We’ve all heard the phrase “fake it till you make it,” but in today’s workplace, a growing number of employees are faking it just to get through the day.

According to Resume Now’s new Ghostworking Report, 58% of employees say they regularly pretend to be working. Another 34% do so occasionally. These aren’t isolated moments of distraction — they’re reflections of a deeper disconnect between employees and the environments they work in. From walking around with a notebook to keep up appearances, to scheduling fake meetings for a break from endless tasks, workers are finding quiet ways to reclaim time and preserve energy in a system that demands constant visibility.

Even more telling: 92% of employees have searched for a new job during work hours. That statistic doesn’t point to laziness. In reality, it signals dissatisfaction, disconnection and a lack of trust that the current job will offer growth, recognition or long-term stability.

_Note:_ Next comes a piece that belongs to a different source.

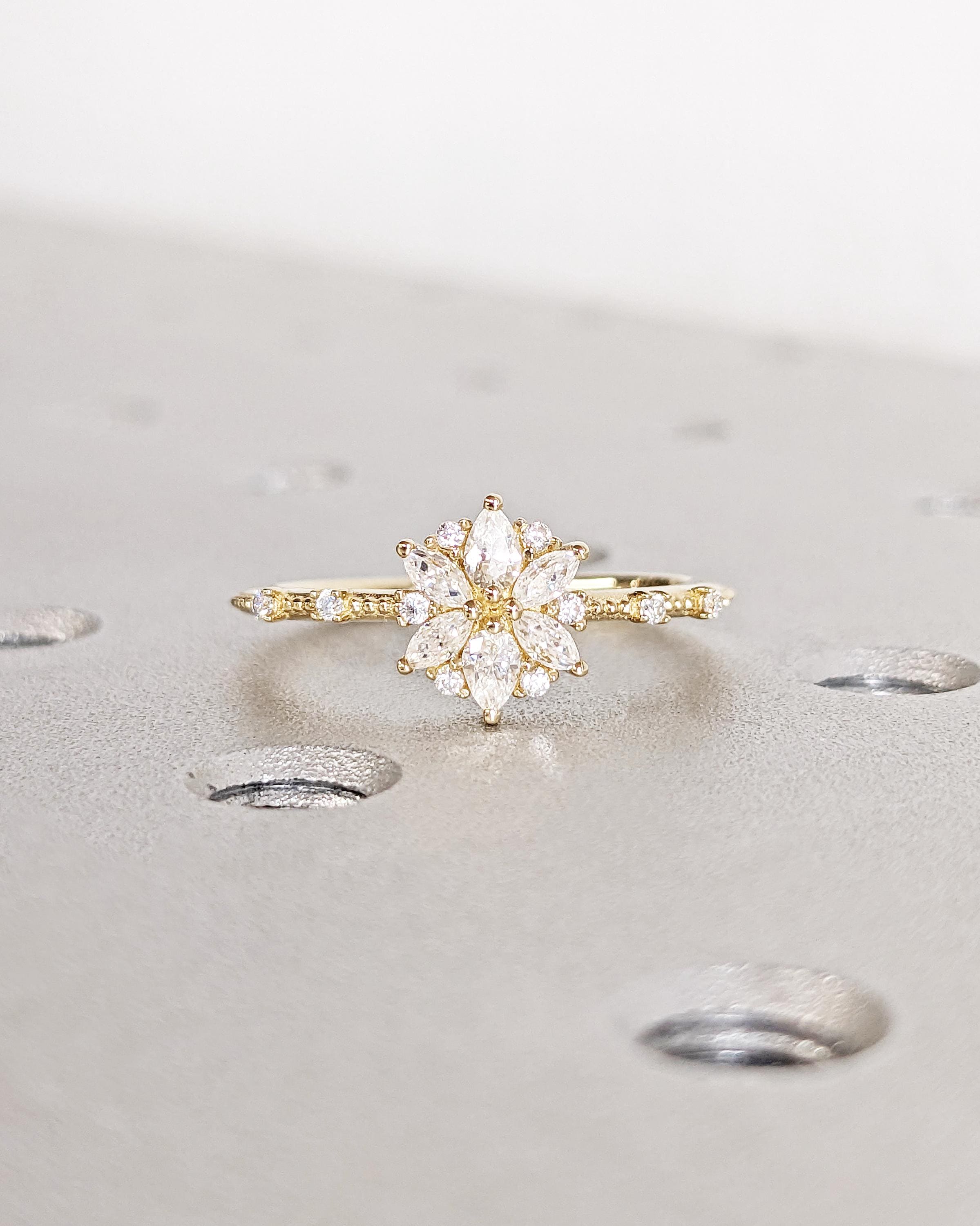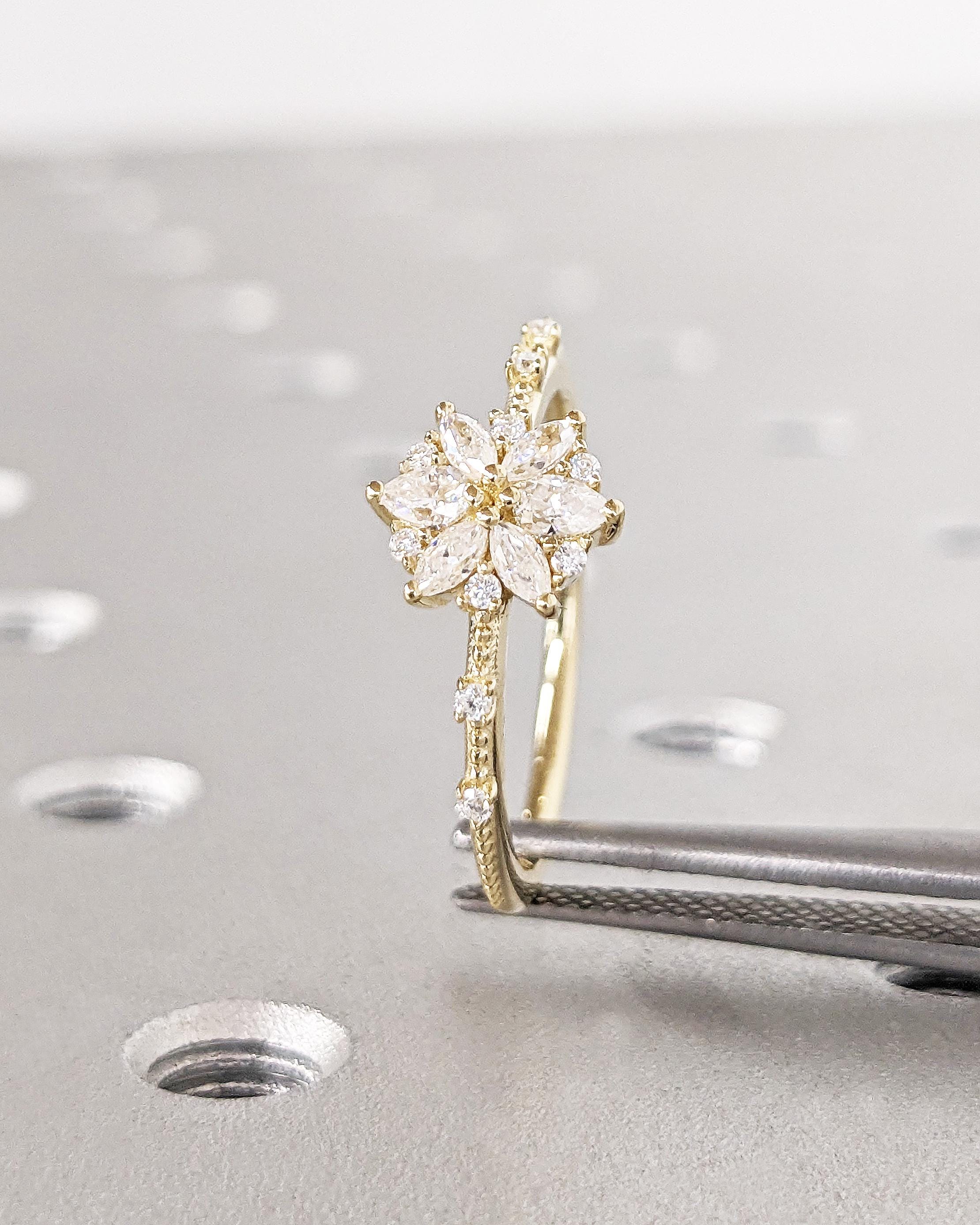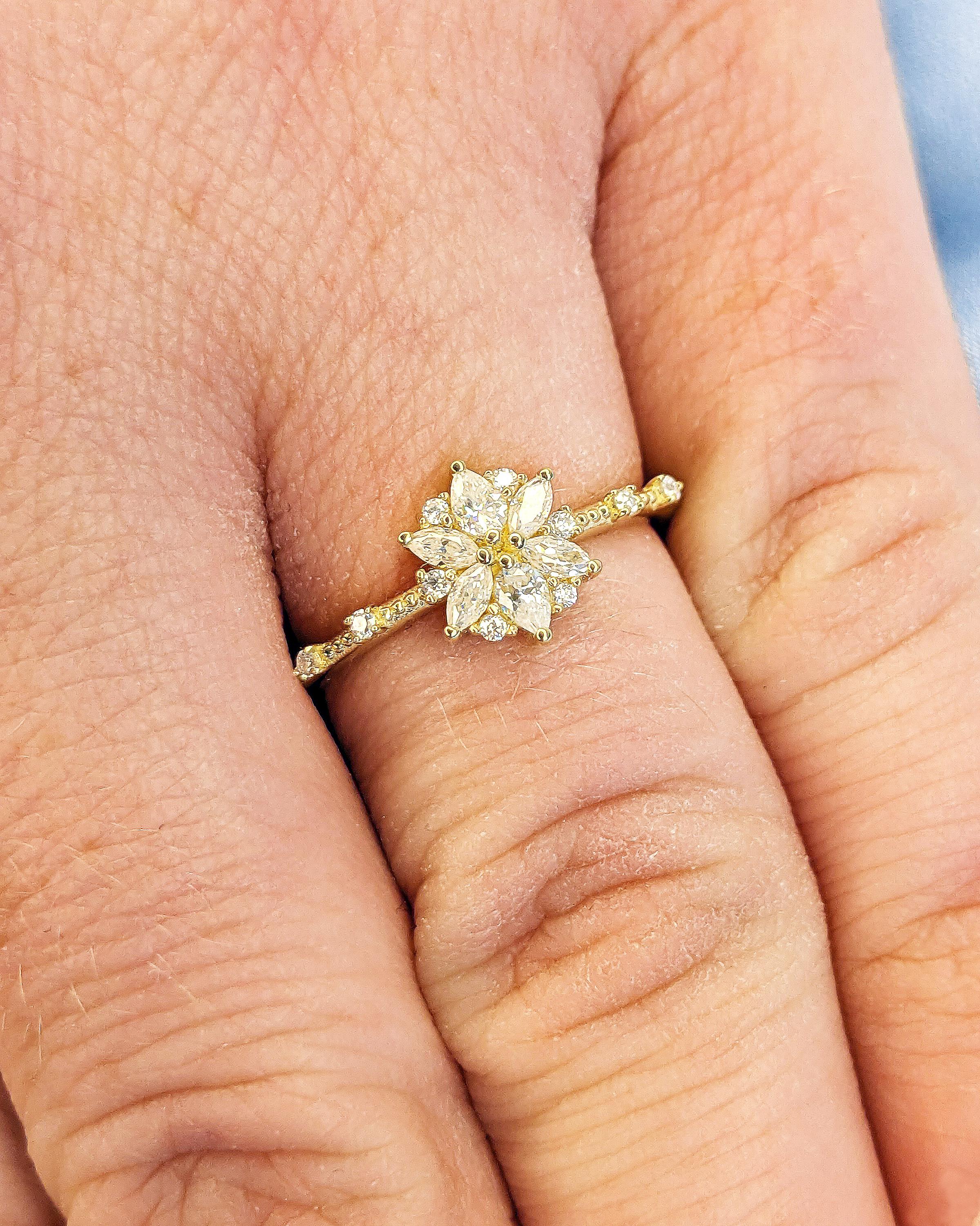 14K Gold Flower Moissanite Engagement Ring / Moissanite Cluster Engagement Ring / Moissanite Daisy Flower Ring / Dainty Promise Ring for Her
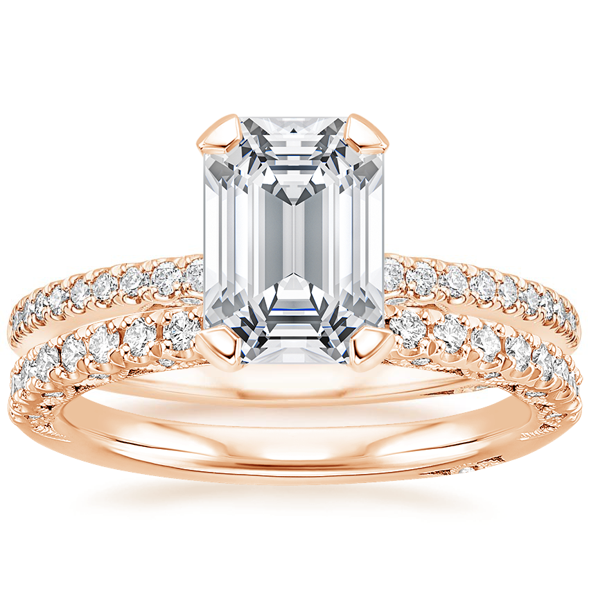 18K Rose Gold Simply Tacori Classic Diamond Ring (1/5 ct. tw.) with Tacori Petite Crescent Diamond Ring (1/4 ct. tw.)

The real cost of looking busy

Many workplaces still treat productivity as something that can be observed, tracked or measured by activity rather than results. If you’re responding to messages quickly, present in every meeting and online all day, you’re seen as productive — even if that time is filled with shallow tasks or redundant check-ins.

For employees, this creates pressure to constantly perform. It’s not just about doing the work anymore; it’s about proving that you’re working. When that kind of validation becomes more important than impact, people burn out. The day becomes a performance. And eventually, employees begin ghostworking just to survive it.

This performative culture exists both remotely and in-office, with 47% of employees saying they waste more time working from home and 37% reporting that they waste more in the office. The problem isn’t where people work. It’s how they’re expected to operate under systems that prioritize face time and control over trust and purpose.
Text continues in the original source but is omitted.